# Curse of the Snapper, Saved by the Wahoo's



## jcasey (Oct 12, 2007)

My wife and I did not get to go out during the first few opening days due to being involved with the Billy Bowlegs Festivities happening from Thursday until Sunday. We both took off on Monday, chomping at the bit to catch those Huge Snapper that we had so easily been catching and releasing. We had the usual game plan of catching some live bait and fishing close to the bottom. We ended up only catching 1 fifteen pound red snapper all day. Of course we caught and release 4 nice AJ's and had countless break offs. The Wife was wearing out the Mingo's while I was not catching any Snapper. We ended up going to the Edge to give trolling for Wahoo a try. I have never caught a Wahoo before and that was going to be my goal this year. Off we go ! The water was so Blue and calm. We did end up catching 2 small one's. I know they are not big but at least I got to experience catching not one but 2. Here are a few pictures of the water and the fish.


----------



## Fog Ducker (Dec 24, 2009)

Looks and sounds great to me! 

Congrats on the Hoos.:thumbup:

What was your trolling setup?

Thanks for sharing.


----------



## tips n tails (Mar 2, 2011)

Pretty water!


----------



## Fish N Tales (Jun 14, 2012)

Awesome! Thanks for the report


----------



## Chris V (Oct 18, 2007)

Nice report! 10lbs or 100lbs, a Wahoo is a Wahoo!


----------



## jcasey (Oct 12, 2007)

Caught both on the Yozuri Bonita in the first picture. Only pulled 2 lures because I am new trolling the Edge and was trying to keep it simple. The other lure being pulled was just the basic blue and white Islander and it did not get any takers.


----------



## Cobiasphotograher (Jun 4, 2013)

:thumbup:Nice catch my Husband has been trying to catch one but no luck....:thumbsup:


----------



## gmoney (Oct 3, 2007)

purple/black or red/black are my favorite colors for wahoo. And those bonitas are deadly. great catch and awesome eating, good job.


----------



## Lexcore (May 5, 2012)

:thumbup:glad to hear you and the wife had a good time :yes: and you cleared another fish off your bucket list.:notworthy: I had that one on my bucket list also. Thanks for sharing the report, the water looked awesome! Did you get hit the the afternoon rain storm?


----------



## how2fish (Jan 21, 2008)

Nice fish congrats !


----------



## eodusmc (Jul 29, 2009)

Ill take a wahoo any day of the week. Good catch. Maybe the snapper will cooperate better next time. 

Chris


----------



## jcasey (Oct 12, 2007)

Lexcore said:


> :thumbup:glad to hear you and the wife had a good time :yes: and you cleared another fish off your bucket list.:notworthy: I had that one on my bucket list also. Thanks for sharing the report, the water looked awesome! Did you get hit the the afternoon rain storm?

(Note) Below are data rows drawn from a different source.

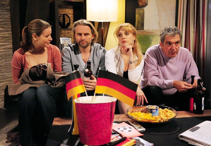 Gitti (Kathleen Fiedler, l.) und Rosalie (Natalie Alison, 2.v.r.) geben sich als Fussballfans aus und schauen mit Michael (Erich Altenkopf, 2.v.l.) und André (Joachim Lätsch, r.) ein Spiel im Fernsehen an.
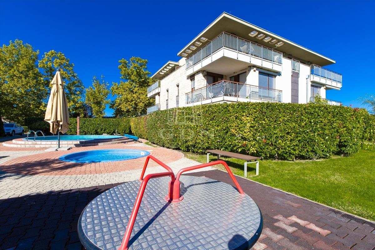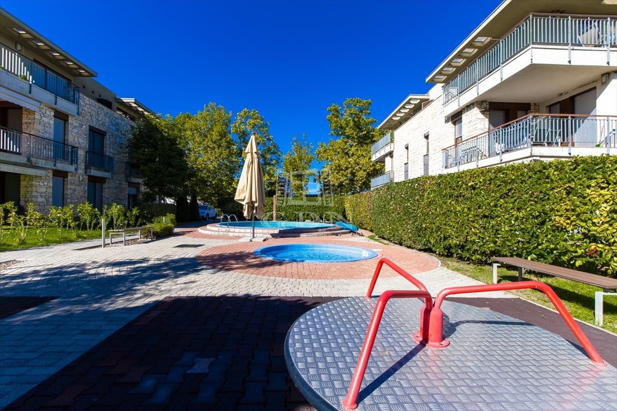 A 11 m²-es erkélyről egy pohár bor mellett élvezheted a naplementét, míg a társasházban található két kültéri medence gondoskodik a nyári felfrissülésről. Ha inkább a természetes vízre vágysz, a Balaton mindössze pár lépésnyire vár.
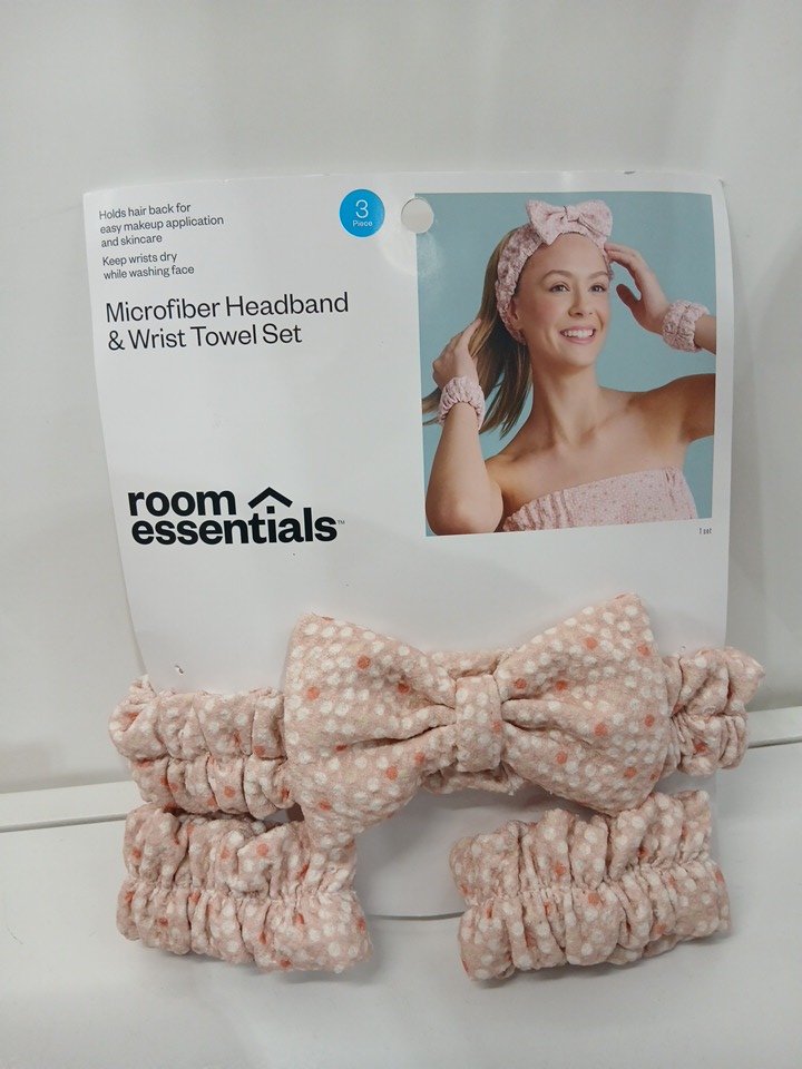 3PC ROOM ESSETIALS room essentials microfiber headband wrist towel SET - PINK
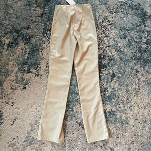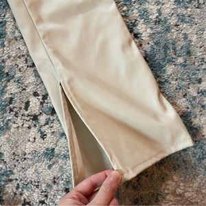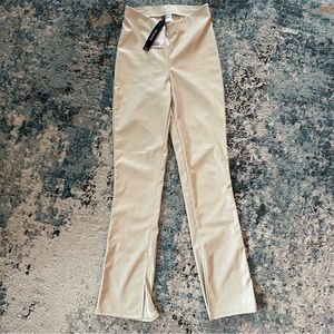 Stretchy and comfortable and has a little flare slit at the ankle. Perfect neutral color that is great for any season.
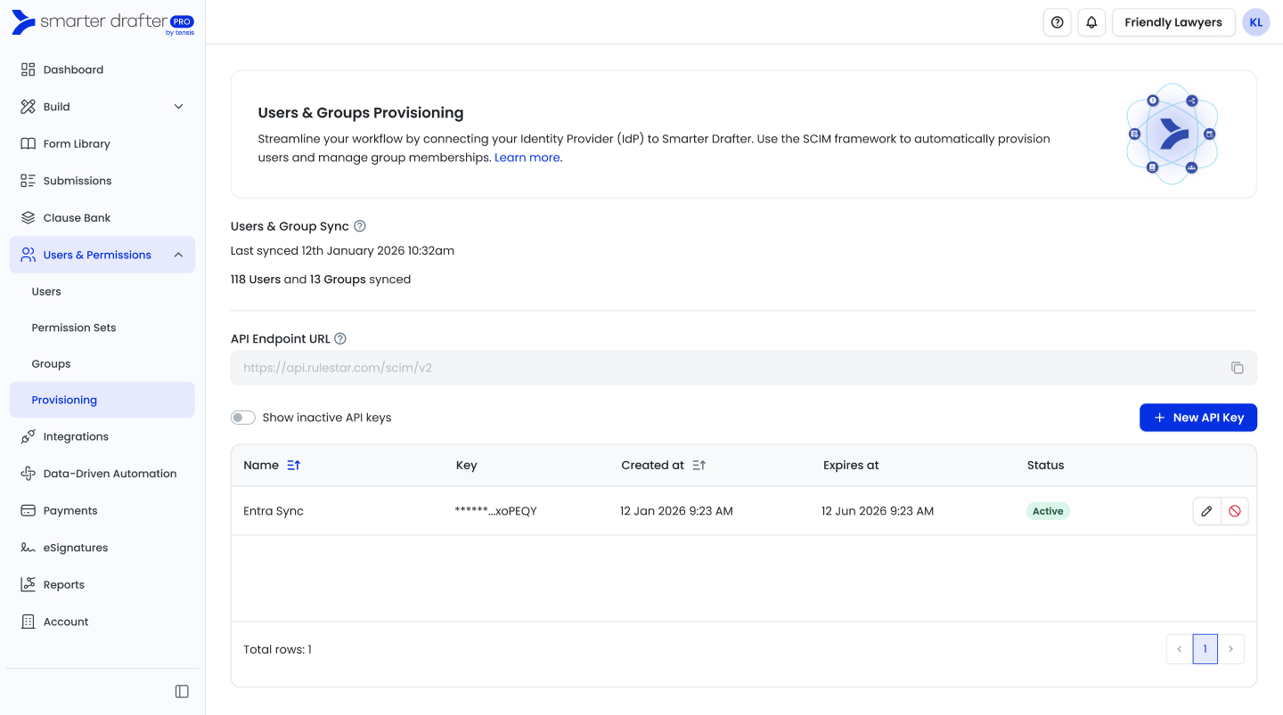 The integration is designed to be lightweight and easy to deploy. Firms generate a simple API key within Smarter Drafter for use with Entra, then follow the steps in Entra to complete mapping and syncing of data.
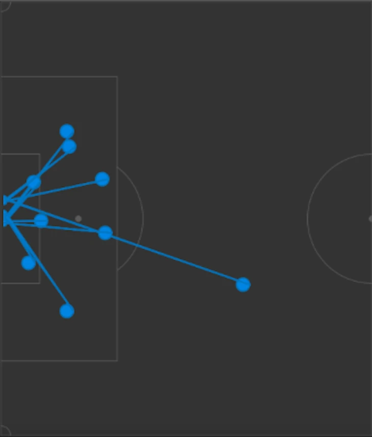 На этой карте только удары в створ Городова, количество попыток из штрафной впечатляет.
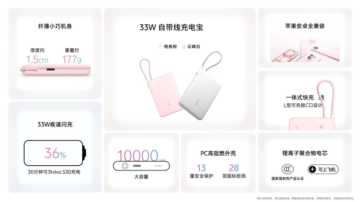 vivo 10000mAh 33W 自带线充电宝同期发布,上市价格129元,6月6日正式开售,6月18日前搭配S30系列手机组合购买仅需89元。vivo IoT产品更有全新推出的教育优惠,买平板送手写笔,手表、耳机、配件补上加补至高立减20%。
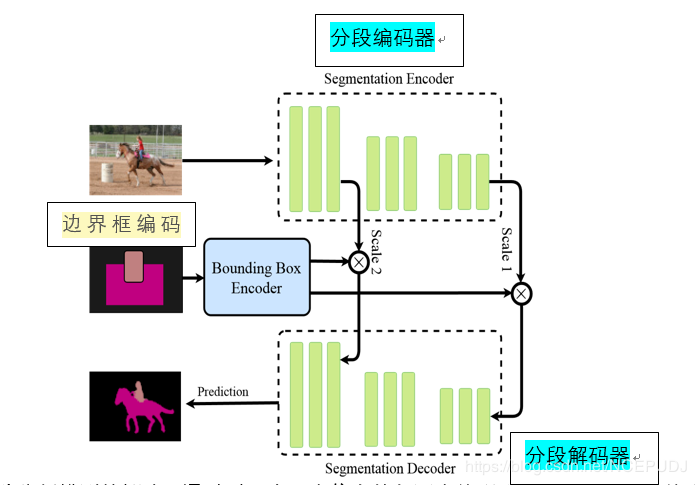 我们在设计辅助模型时的关键观察是,==基于编码器-解码器的分割网络通常依赖于从图像分类模型(例如,ImageNet预训练模型)初始化的编码器。这通常通过从大型图像分类数据集中转移知识来提高分割性能==。为了保持同样的优势,我们使用一个并行包围盒编码器网络来扩充基于编码器-解码器的分割模型,该网络以不同的比例嵌入包围盒信息(见图2)。
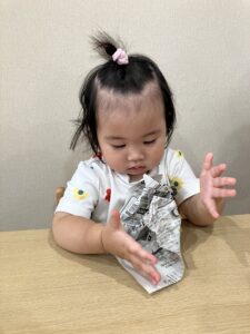薄い新聞紙をとっても上手にぎゅっと握って丸めるお子さんが多く、「とっても力強く丸められるようになったね!」と思わず驚くほどでした😊
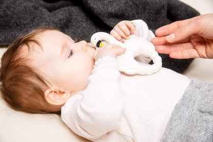 Imaginez ceci : votre bébé babille, et devant votre fenêtre, une famille de cygnes se promène dans l'océan. C'est le début de Natruba et comment l'oiseau national du Danemark - le cygne tuberculé, une créature magnifique et gracieuse, est maintenant un jouet étonnant pour le jeu sensoriel, la mastication et l'heure du bain. Ce jouet élégant est fabriqué à la main en caoutchouc naturel et soigneusement sculpté et peint à la main avec des pigments naturels.
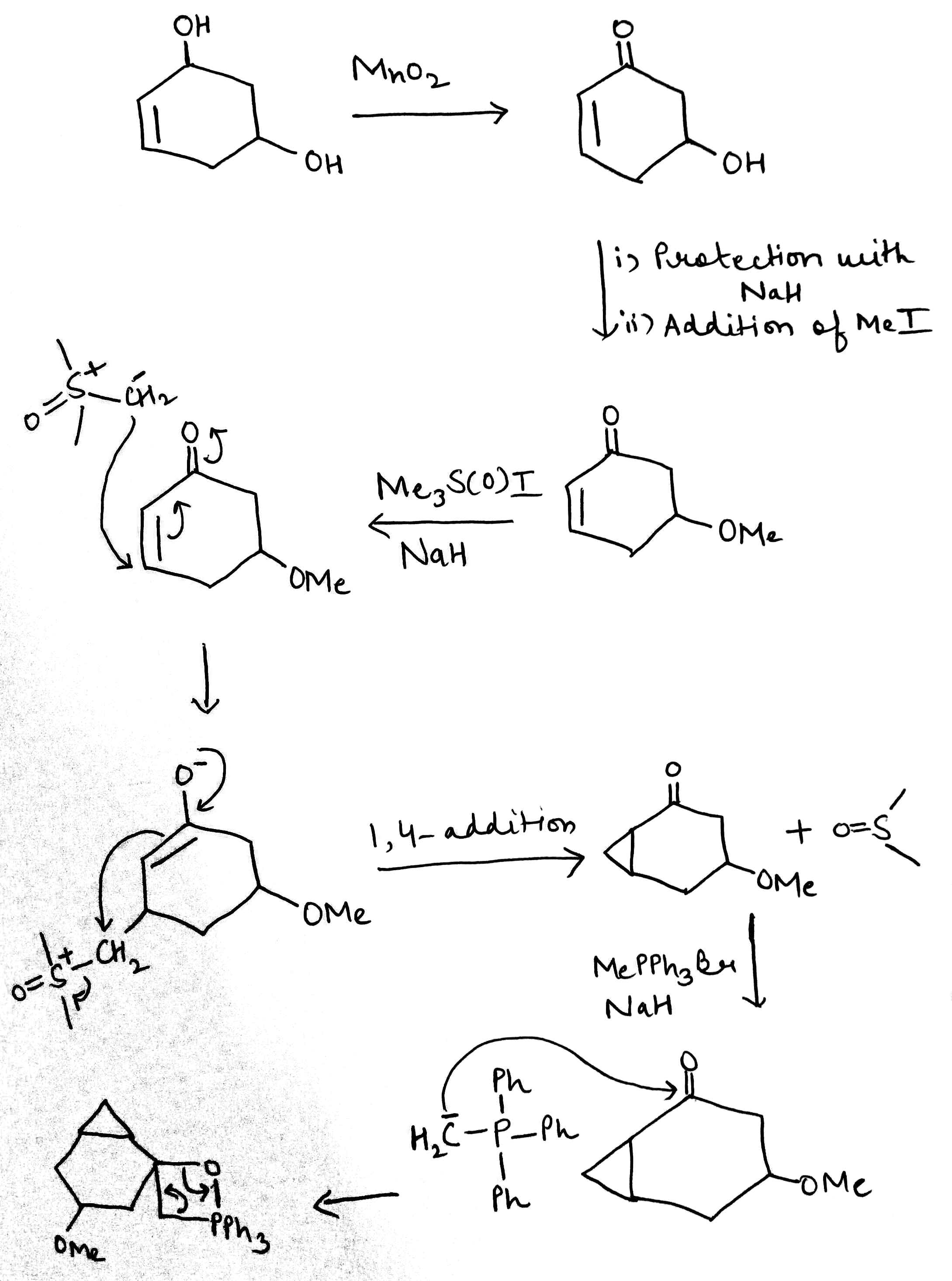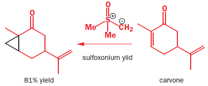 Sulfoxonium ylids react with unsaturated carbonyl compounds in the same way as the stabilized ylids—they form cyclopropanes rather than epoxides.
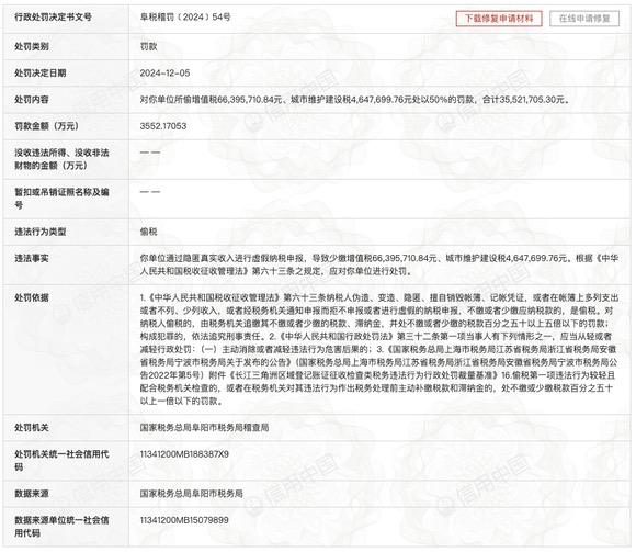 据界面新闻,信用中国网站显示,12月5日,阜阳市春天食品有限公司因偷税,被国家税务总局阜阳市税务局稽查局罚款3552.17万余元。处罚事由显示,该单位通过隐匿真实收入进行虚假纳税申报,导致少缴增值税6639.57万余元、城市维护建设税464.76万余元。
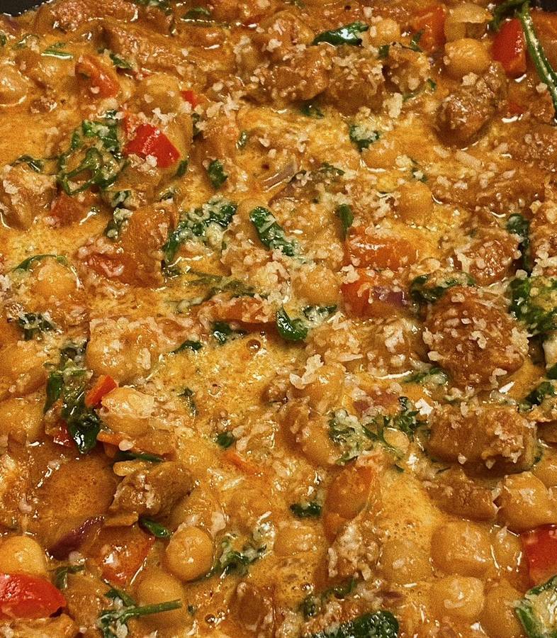 Nėra labai svarbu, kiek gramų vištienos ar avinžirnių reikės šiam troškiniui – bandykime, skanaukime ir tikrai pavyks!
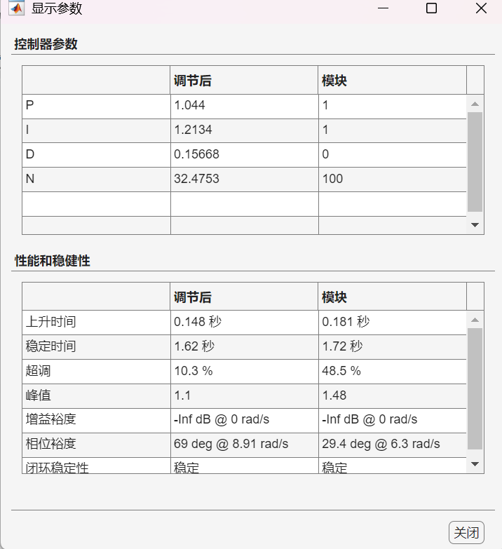 由 Matlab 自带的 PID 参数调节功能自整定得:
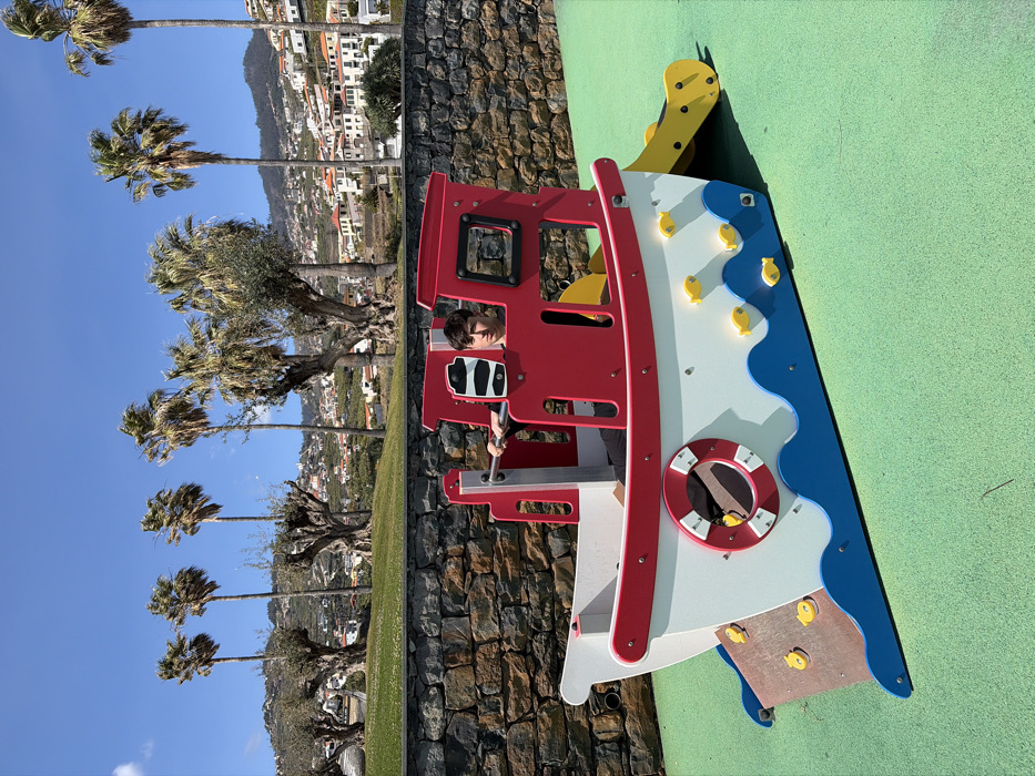 The image depicts an outdoor playground scene in Câmara de Lobos, Portugal

We did not get hit by the rainstorm. We could see it on the coast but where we were, it was pretty much blue skies and sunny.


----------



## Lexcore (May 5, 2012)

jcasey said:


> We did not get hit by the rainstorm. We could see it on the coast but where we were, it was pretty much blue skies and sunny.


Cool :thumbup: the wife and I was it Navy Point eating lunch and boats was coming in left and right getting out the storm. So good for you all it did not hit you. :thumbsup:


----------



## marlinchaser (Oct 11, 2007)

jcasey said:


> Caught both on the Yozuri Bonita in the first picture. Only pulled 2 lures because I am new trolling the Edge and was trying to keep it simple. The other lure being pulled was just the basic blue and white Islander and it did not get any takers.


I've caught several on blue/white Ilander's with ballyhoo.keep trying! Do you have outriggers? Even if not, try going up to a 4 pole spread. Better chances. Good job on the two you got!!:thumbsup:


----------



## Rofhnald (Jun 6, 2013)

Thanks for the report


----------



## bigtallluke (Jul 14, 2012)

Excellent job on the wahoo! They are so fun to catch and definitely tasty to eat! Definitely try putting a Bally hoo underneath that blue and white illander you have, and that should be a big hit item also. Just make sure the hook is in the center of the ballyhoo or else it won't swim right. Great job out there


----------



## fishnhuntguy (Feb 8, 2012)

Great Jobs with the Hoos ! Enjoy the steaks


----------



## marmidor (Mar 15, 2008)

Awesome hoos brotha! Congrats !


----------



## philthefish (Aug 10, 2009)

Great catch. I'm new to trolling for hooters as well, how fast we're u pulling the lures?


----------



## DAWGONIT (Jan 16, 2009)

VERY nice work to both of you.
catch 'em up.


----------



## jcasey (Oct 12, 2007)

philthefish said:


> Great catch. I'm new to trolling for hooters as well, how fast we're u pulling the lures?


 We were pulling the lures from 12-14 mph. I really don't know what the heck I am doing, I was just out there giving it a shot and got lucky.


----------



## Smitty81 (Sep 19, 2012)

You can't troll too fast for wahoo!


----------



## As56hley (Jun 14, 2013)

Awesome! Thanks for the report


----------